**TASK TO CARRY OUT**
Your copy should repeat each record below exactly and contain no images.

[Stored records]
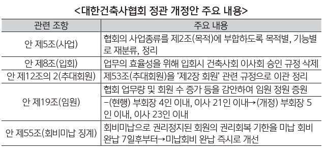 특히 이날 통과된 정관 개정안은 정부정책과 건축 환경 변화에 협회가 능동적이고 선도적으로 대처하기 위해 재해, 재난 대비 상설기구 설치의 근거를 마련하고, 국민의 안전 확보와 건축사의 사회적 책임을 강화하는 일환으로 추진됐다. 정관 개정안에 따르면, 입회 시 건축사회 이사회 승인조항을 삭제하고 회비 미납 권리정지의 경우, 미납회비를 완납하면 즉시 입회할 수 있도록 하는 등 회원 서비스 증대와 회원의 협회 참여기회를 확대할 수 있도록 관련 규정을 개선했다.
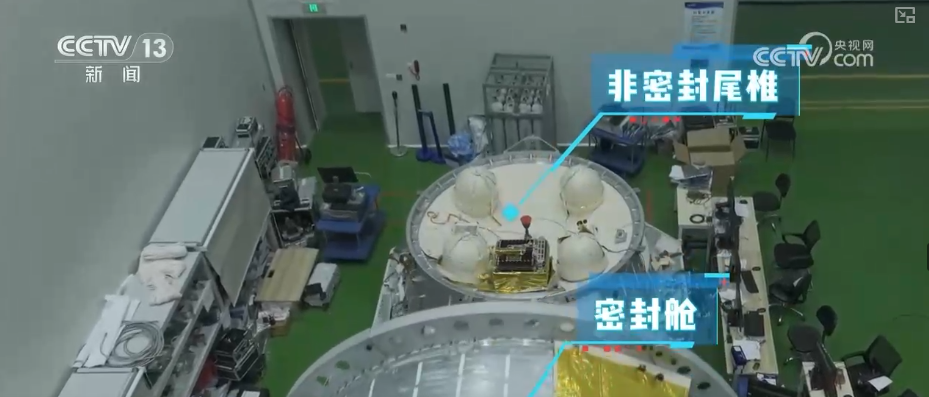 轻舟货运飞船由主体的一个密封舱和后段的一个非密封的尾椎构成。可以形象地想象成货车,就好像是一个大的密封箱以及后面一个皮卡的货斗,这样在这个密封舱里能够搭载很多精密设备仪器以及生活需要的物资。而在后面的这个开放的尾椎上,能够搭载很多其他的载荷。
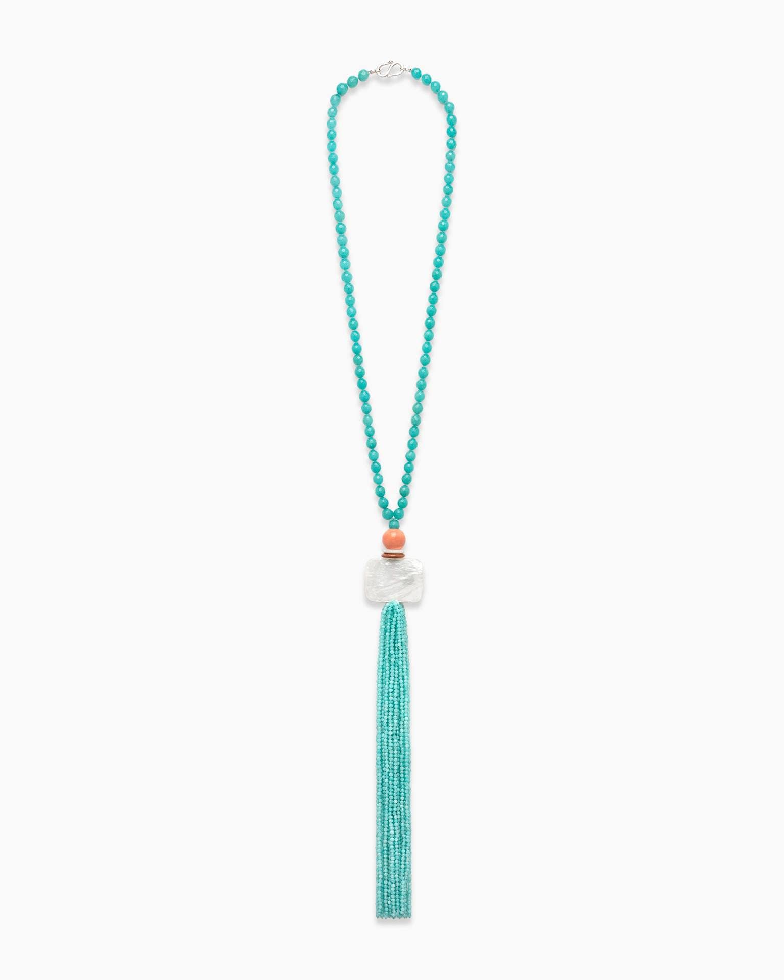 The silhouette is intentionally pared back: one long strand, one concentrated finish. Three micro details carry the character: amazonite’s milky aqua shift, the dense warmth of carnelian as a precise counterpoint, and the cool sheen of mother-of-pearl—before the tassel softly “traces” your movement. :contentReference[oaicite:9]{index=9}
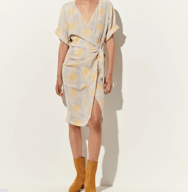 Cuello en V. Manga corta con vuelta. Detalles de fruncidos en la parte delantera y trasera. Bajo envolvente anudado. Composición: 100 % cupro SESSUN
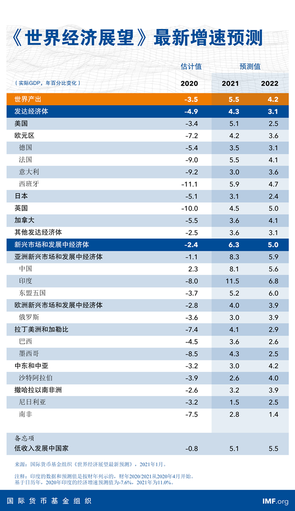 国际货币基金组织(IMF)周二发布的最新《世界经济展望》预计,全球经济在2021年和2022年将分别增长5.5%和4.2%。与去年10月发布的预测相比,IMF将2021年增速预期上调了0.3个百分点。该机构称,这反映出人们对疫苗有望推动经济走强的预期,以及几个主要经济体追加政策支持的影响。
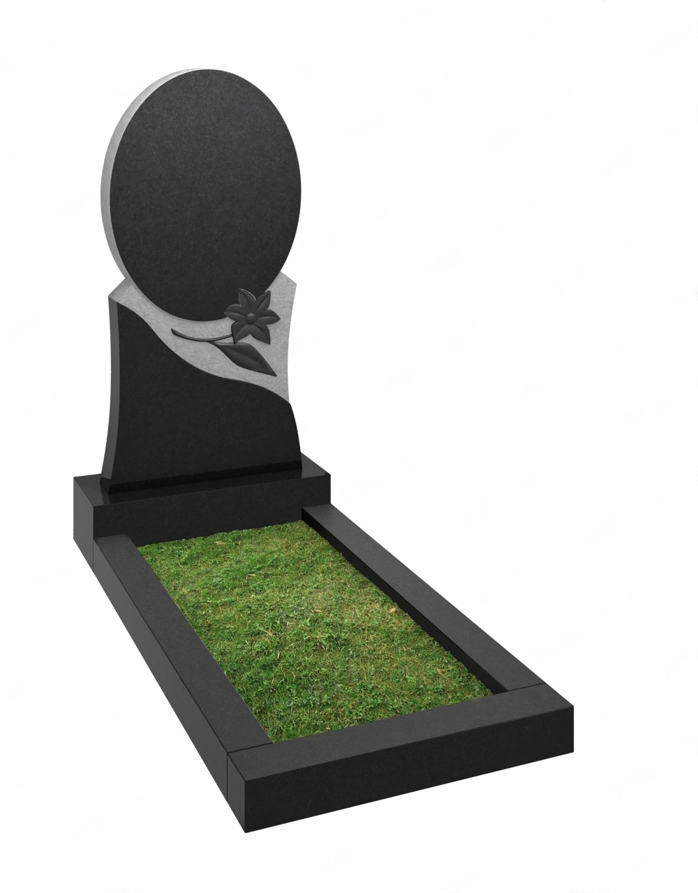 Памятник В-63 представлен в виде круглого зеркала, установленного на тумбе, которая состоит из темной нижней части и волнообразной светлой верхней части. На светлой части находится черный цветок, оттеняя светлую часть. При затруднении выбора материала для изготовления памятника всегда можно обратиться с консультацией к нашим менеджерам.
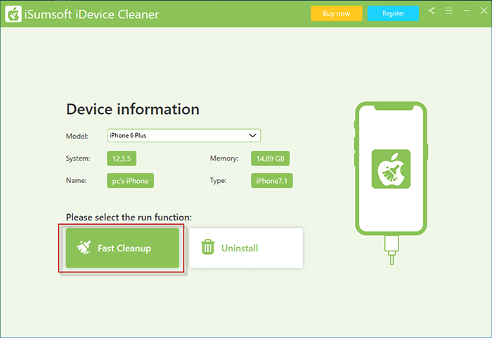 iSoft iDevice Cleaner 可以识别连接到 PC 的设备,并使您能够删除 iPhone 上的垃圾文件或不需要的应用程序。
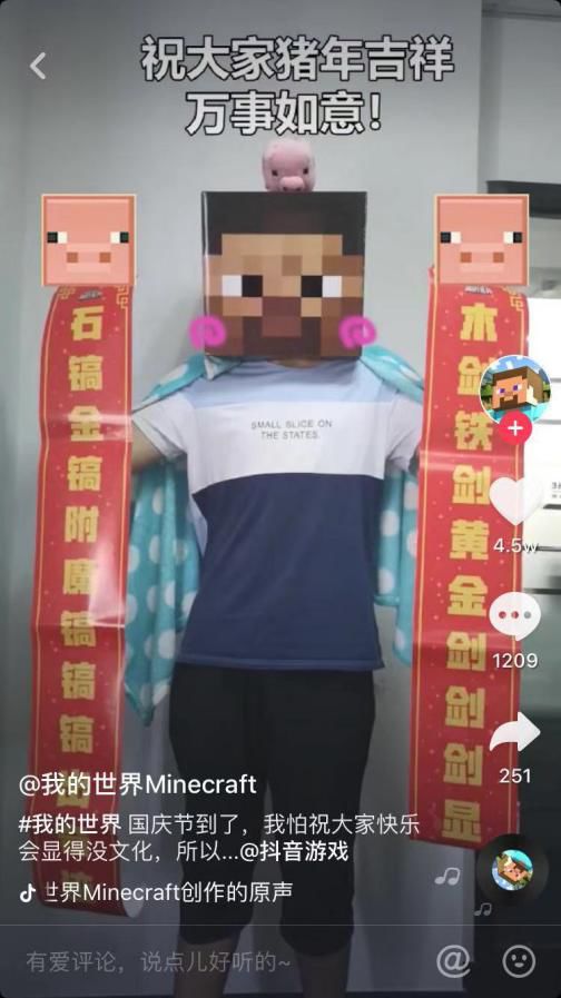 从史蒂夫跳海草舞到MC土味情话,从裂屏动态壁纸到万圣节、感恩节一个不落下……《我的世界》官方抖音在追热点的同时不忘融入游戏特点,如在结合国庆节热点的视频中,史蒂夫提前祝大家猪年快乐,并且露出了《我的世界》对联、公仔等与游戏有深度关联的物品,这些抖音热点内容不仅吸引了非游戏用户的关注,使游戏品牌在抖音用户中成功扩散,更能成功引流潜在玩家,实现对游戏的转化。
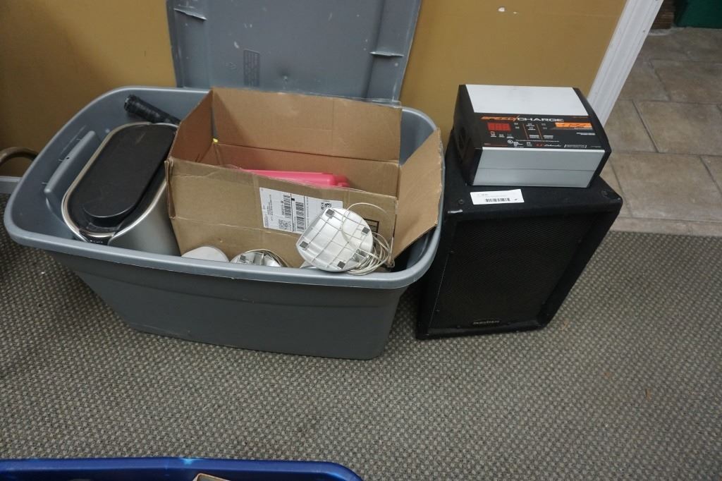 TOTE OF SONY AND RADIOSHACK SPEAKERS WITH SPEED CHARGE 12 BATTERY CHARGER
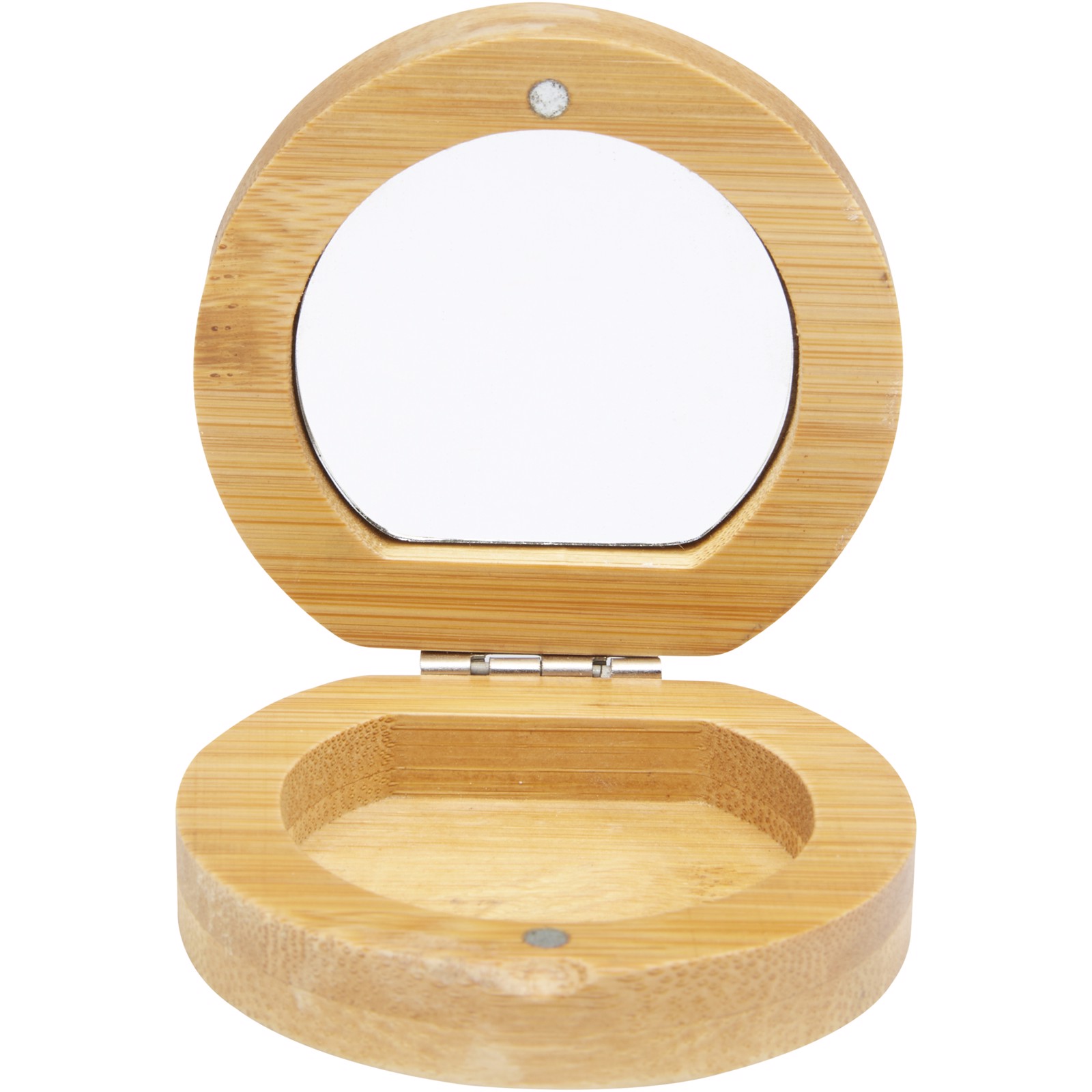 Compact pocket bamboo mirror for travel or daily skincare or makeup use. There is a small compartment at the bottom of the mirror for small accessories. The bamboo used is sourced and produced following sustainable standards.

**ANSWER SPACE**
 특히 이날 통과된 정관 개정안은 정부정책과 건축 환경 변화에 협회가 능동적이고 선도적으로 대처하기 위해 재해, 재난 대비 상설기구 설치의 근거를 마련하고, 국민의 안전 확보와 건축사의 사회적 책임을 강화하는 일환으로 추진됐다. 정관 개정안에 따르면, 입회 시 건축사회 이사회 승인조항을 삭제하고 회비 미납 권리정지의 경우, 미납회비를 완납하면 즉시 입회할 수 있도록 하는 등 회원 서비스 증대와 회원의 협회 참여기회를 확대할 수 있도록 관련 규정을 개선했다.
 轻舟货运飞船由主体的一个密封舱和后段的一个非密封的尾椎构成。可以形象地想象成货车,就好像是一个大的密封箱以及后面一个皮卡的货斗,这样在这个密封舱里能够搭载很多精密设备仪器以及生活需要的物资。而在后面的这个开放的尾椎上,能够搭载很多其他的载荷。
 The silhouette is intentionally pared back: one long strand, one concentrated finish. Three micro details carry the character: amazonite’s milky aqua shift, the dense warmth of carnelian as a precise counterpoint, and the cool sheen of mother-of-pearl—before the tassel softly “traces” your movement. :contentReference[oaicite:9]{index=9}
 Cuello en V. Manga corta con vuelta. Detalles de fruncidos en la parte delantera y trasera. Bajo envolvente anudado. Composición: 100 % cupro SESSUN
 国际货币基金组织(IMF)周二发布的最新《世界经济展望》预计,全球经济在2021年和2022年将分别增长5.5%和4.2%。与去年10月发布的预测相比,IMF将2021年增速预期上调了0.3个百分点。该机构称,这反映出人们对疫苗有望推动经济走强的预期,以及几个主要经济体追加政策支持的影响。
 Памятник В-63 представлен в виде круглого зеркала, установленного на тумбе, которая состоит из темной нижней части и волнообразной светлой верхней части. На светлой части находится черный цветок, оттеняя светлую часть. При затруднении выбора материала для изготовления памятника всегда можно обратиться с консультацией к нашим менеджерам.
 iSoft iDevice Cleaner 可以识别连接到 PC 的设备,并使您能够删除 iPhone 上的垃圾文件或不需要的应用程序。
 从史蒂夫跳海草舞到MC土味情话,从裂屏动态壁纸到万圣节、感恩节一个不落下……《我的世界》官方抖音在追热点的同时不忘融入游戏特点,如在结合国庆节热点的视频中,史蒂夫提前祝大家猪年快乐,并且露出了《我的世界》对联、公仔等与游戏有深度关联的物品,这些抖音热点内容不仅吸引了非游戏用户的关注,使游戏品牌在抖音用户中成功扩散,更能成功引流潜在玩家,实现对游戏的转化。
 TOTE OF SONY AND RADIOSHACK SPEAKERS WITH SPEED CHARGE 12 BATTERY CHARGER
 Compact pocket bamboo mirror for travel or daily skincare or makeup use. There is a small compartment at the bottom of the mirror for small accessories. The bamboo used is sourced and produced following sustainable standards.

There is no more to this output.